Strawberry Shortcake With Cheesecake Whipped Cream - cooking recipe

Ingredients
    1 1/2 quarts fresh strawberries, hulled and sliced
    2 tablespoons white sugar
    1 (8 ounce) package cream cheese, softened
    1 pint heavy whipping cream
    2 tablespoons confectioners' sugar
    1 teaspoon vanilla extract
    1 (10 inch) angel food cake, cut in cubes
    1/2 quart fresh strawberries, hulled and sliced
Preparation
    Mix 1 1/2 quarts strawberries and white sugar in a large bowl; gently mash strawberries with a potato masher. Cover and refrigerate.
    Beat cream cheese in a bowl until light and fluffy; set aside. Beat heavy cream in another bowl until soft peaks form; add whipped cream cheese and continue to beat until stiff peaks form.
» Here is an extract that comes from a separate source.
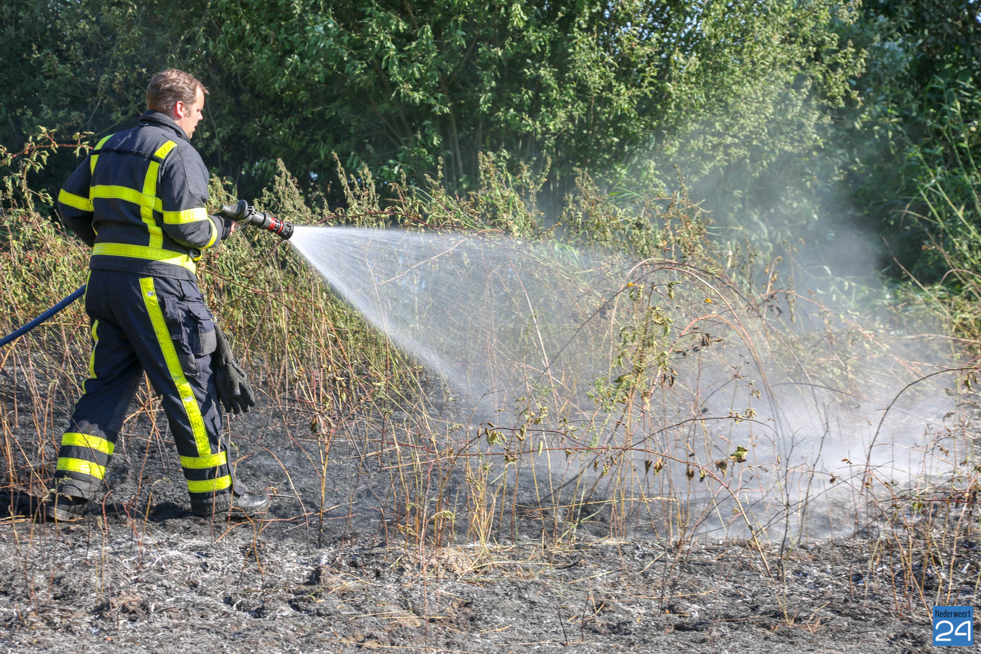 Een wegwerp BBQ is de veroorzaker van een flinke natuurbrand aan de Kanaalweg in Nederweert-Eind. De brand verspreidde zich snel waarop de brandweer opschaalde naar ”middelbrand”.

Lift your beater or whisk straight up: the cream should form a sharp peak that holds its shape. Beat confectioners' sugar and vanilla extract into cream cheese mixture.
    Layer about half the angel food cake in a large bowl or trifle. Spread a third of the cream cheese mixture over the cake and top with a layer of mashed strawberries. Repeat the layers, finishing with a final layer of the cream cheese mixture. Arrange the remaining 1/2 quart strawberry slices decoratively. Chill until ready to serve.